Directions: Among the entries below, take the line with "Yaralıları hastanede tedavi altına alındı." and the line with "Pasek składa się", and output them and every line between them exactly, with nothing else.

Dataset records:

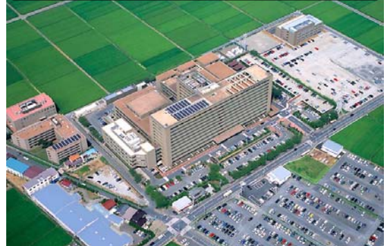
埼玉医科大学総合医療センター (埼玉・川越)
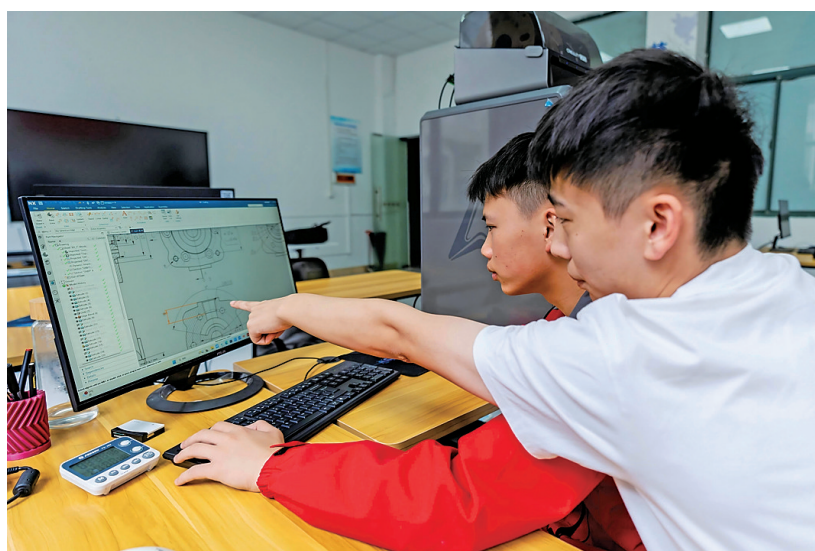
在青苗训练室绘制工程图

* * *

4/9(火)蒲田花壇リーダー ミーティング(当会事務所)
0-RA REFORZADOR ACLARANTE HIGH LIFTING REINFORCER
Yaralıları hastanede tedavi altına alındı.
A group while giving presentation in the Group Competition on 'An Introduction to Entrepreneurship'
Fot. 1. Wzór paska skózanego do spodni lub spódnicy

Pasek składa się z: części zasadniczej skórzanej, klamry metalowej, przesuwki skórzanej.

Expected answer:
Yaralıları hastanede tedavi altına alındı.
A group while giving presentation in the Group Competition on 'An Introduction to Entrepreneurship'
Fot. 1. Wzór paska skózanego do spodni lub spódnicy

Pasek składa się z: części zasadniczej skórzanej, klamry metalowej, przesuwki skórzanej.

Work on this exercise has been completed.